13. September 2021

Basel AML Index 2021: 4 things holding back the global fight against money laundering

Basel AML Index 2021 website and report

Released today, the 10th annual edition of the Basel AML Index raises grave questions about whether jurisdictions are serious about tackling their money laundering and terrorist financing (ML/TF) risks, and what is holding them back.

The Basel AML Index is an independent annual ranking that assesses ML/TF threats around the world and the capacity of jurisdictions’ anti-money laundering and counter financing of terrorism (AML/CFT) measures to address their specific risks.

The average global money laundering risk score increased from 5.22 to 5.3 out of 10, as assessed across all 110 jurisdictions in the 2021 Public Edition of the Basel AML Index.

Even among jurisdictions whose risk scores improved this year, none managed to improve by even one point out of 10. Half of improvements were 0.3 of a point or less.

What is holding jurisdictions back from effectively tackling their ML/TF risks and avoiding being the weak spot in regional and international financial systems? This year’s Basel AML Index report looks at four areas of AML/CFT policy that urgently need more attention.

1 – A strong response to threats from virtual assets

The use of virtual assets such as cryptocurrencies is exploding – for legitimate as well as illicit purposes. This year’s Basel AML Index report analyses data from the Financial Action Task Force (FATF) on how jurisdictions are responding to ML/TF threats related to virtual assets.

The answer: not well at all. Most jurisdictions assessed or re-assessed in the last year have worsened their scores for technical compliance with FATF Recommendation 15 on virtual assets and virtual asset service providers. Average compliance levels have dropped by 10 percentage points globally.

Read the report to find out why.

2 – Effective prevention, not just enforcement

Previous editions of the Basel AML Index have lamented that many jurisdictions have AML/CFT systems that are mostly compliant with FATF technical recommendations but are ineffective in practice.

This year’s report looks at the distinction between compliance with technical recommendations vs effective implementation. Does the problem prevail for both prevention and enforcement?

The analysis reveals that:

  • once again, jurisdictions score rather badly for effective implementation across the board;
  • the discrepancy between technical compliance and effective implementation is even worse in relation to prevention.

These findings should ring an alarm bell for policy makers.
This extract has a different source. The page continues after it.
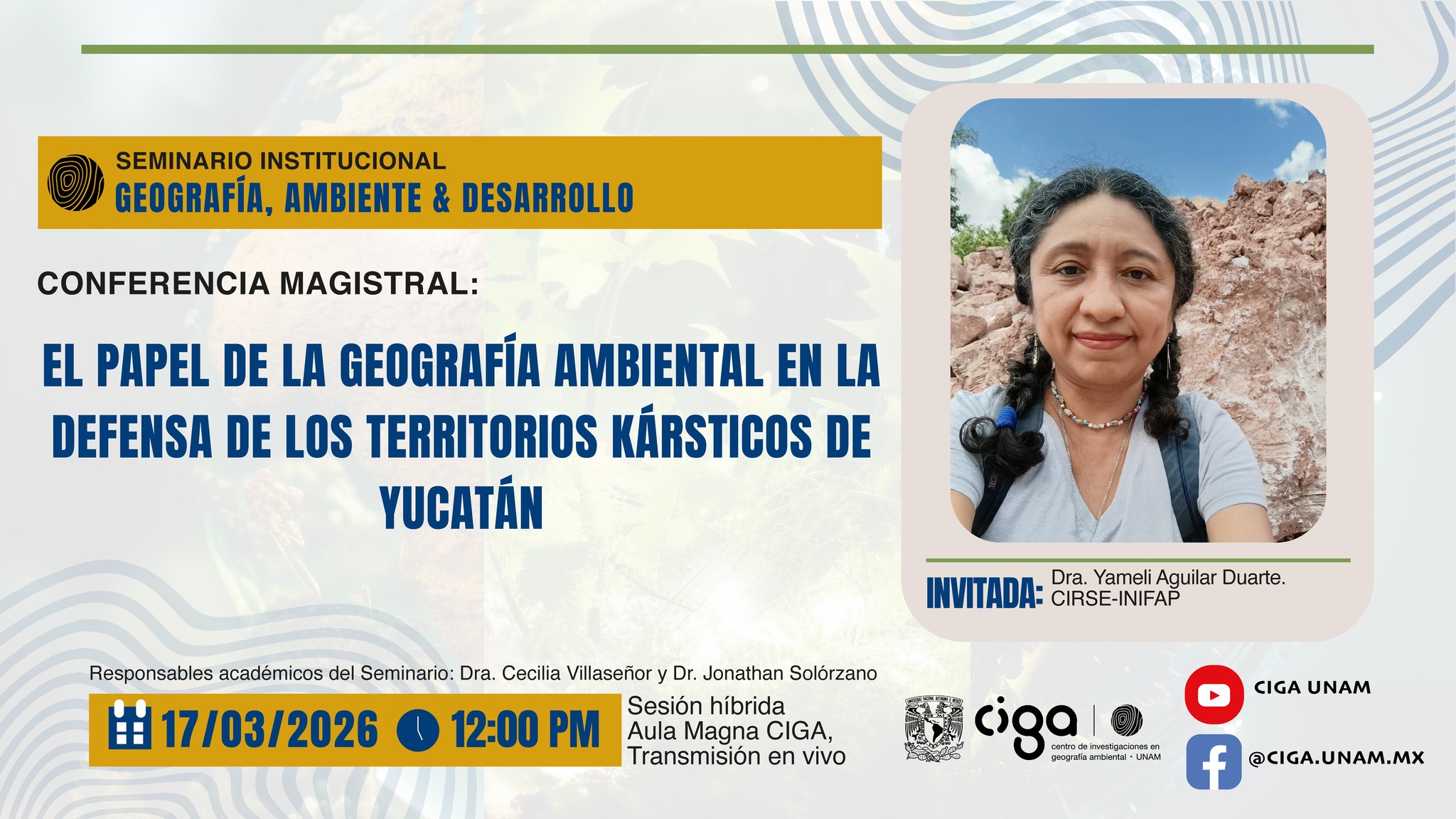 El Centro de Investigaciones en Geografía Ambiental de la UNAM (CIGA-UNAM) te invita a la conferencia magistral “El papel de la geografía ambiental en la defensa de los territorios kársticos de Yucatán”, como parte del Seminario Institucional Geografía, Ambiente & Desarrollo.
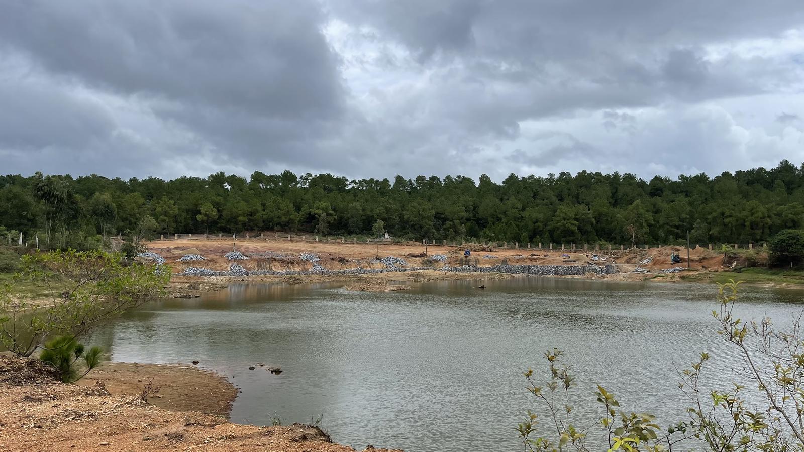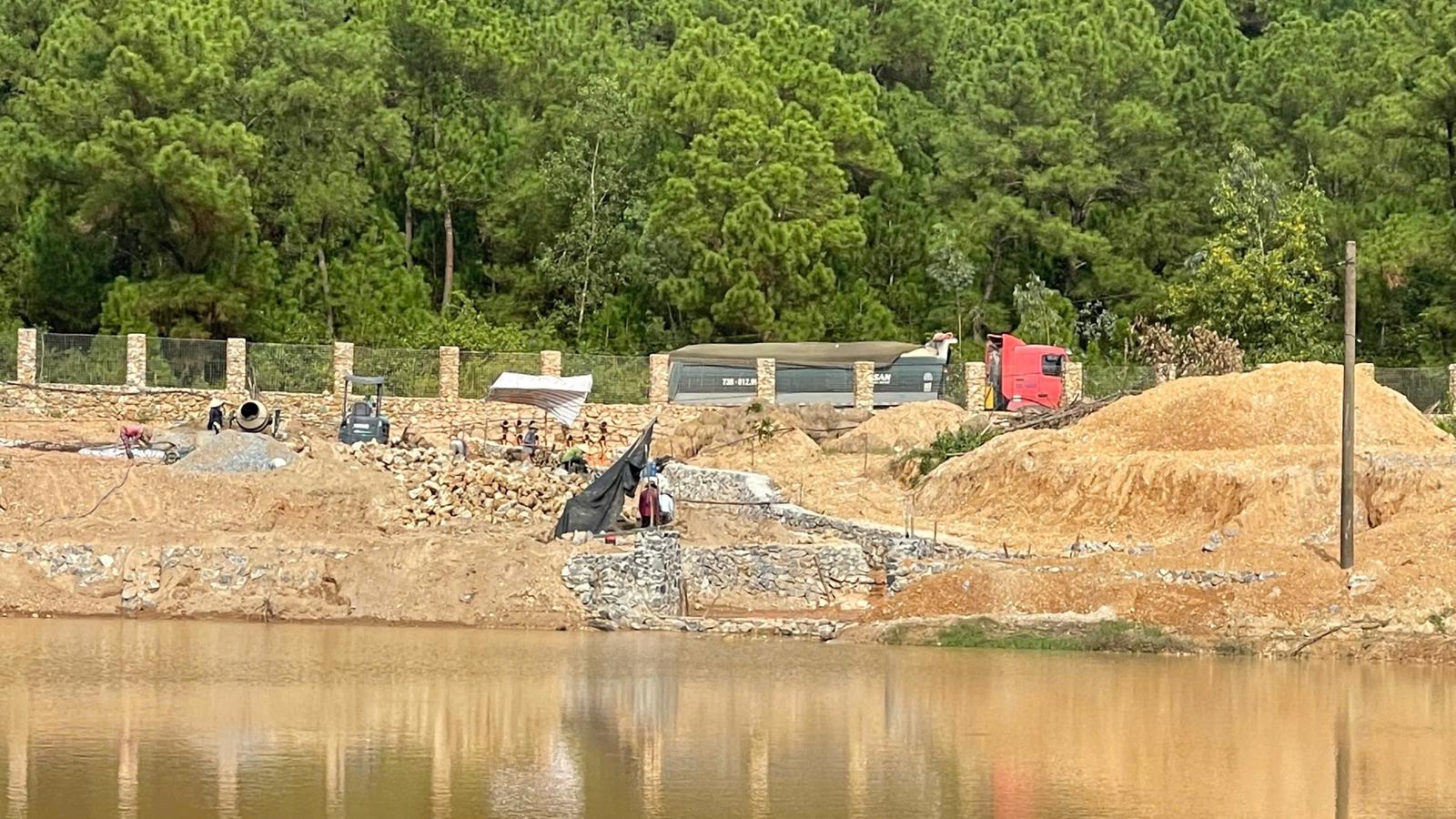 Tại khu vực đất rừng sản xuất có diện tích hàng nghìn mét vuông, phía trên tiếp giáp với rừng thông và phía dưới tiếp giáp với Hồ Trằm, hộ dân này đã tiến hành xây dựng hàng trăm mét tường rào bằng đá cuội cao khoảng 1m, có trụ và thép B40 bao quanh diện tích đất rừng trên. Phía tiếp giáp Hồ Trằm, hộ dân này xây dựng khoảng 100m kè bằng đá hộc màu xanh có trụ kiên cố, phần kè này được xây lấn xuống một diện tích khá lớn lòng Hồ Trằm. Được biết, Hồ Trằm là hồ thuỷ lợi chuyên cung cấp nước phục vụ sản xuất cho hàng chục hecta lúa do UBND xã Quảng Thanh quản lý.

Jurisdictions should invest more resources in the prevention of ML/TF, without reducing resources for enforcement.

3 - Beneficial ownership transparency

Beneficial ownership transparency is directly related to the effectiveness of a jurisdiction’s AML systems and the essential role of these systems in preventing, detecting, prosecuting and sanctioning financial crimes.
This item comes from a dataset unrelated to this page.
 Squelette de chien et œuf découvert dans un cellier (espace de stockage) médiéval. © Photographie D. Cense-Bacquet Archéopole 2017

The Basel AML Index report analyses the implementation of beneficial ownership registers around the world. It shows how slow and ineffective implementation of beneficial ownership transparency measures continues to provide safe havens for dirty money.

This is damaging for individual jurisdictions, but more importantly undermines all global efforts to combat money laundering.

4 – Addressing ML/TF vulnerabilities beyond the financial sector

The final issue highlighted by the Basel AML Index data analysis is the generally weak application of AML/CFT preventive measures by lawyers, accountants, real estate agents and other designated non-financial businesses and professions non-financial entities (DNFBPs).

This means that there is a significant risk that such businesses and professions remain open to abuse by criminals and corrupt individuals wishing to launder their money. Moreover, there is increasing concern among regulators that:

  • some DNFBPs are advising and assisting criminal clients with hiding and laundering illicit funds;
  • as some high-profile cases have shown, accountants are used as intermediaries to avoid scrutiny.

At a minimum, more supervision over DNFBPs is urgently needed. Certain jurisdictions should also tighten their regulatory framework – and ensure that it is effectively enforced – over selected groups of DNFBPs in line with their risk exposure.

Regional deep dives

For a second year, the report offers profiles of money laundering risks in different regions. Our regional infographics show how jurisdictions score in relation to each other – and in too many cases let their neighbours down. 

Policymakers should analyse their respective jurisdictions’ risks and make plans for serious reform. No jurisdiction is doing well. We call on all jurisdictions to step up their game.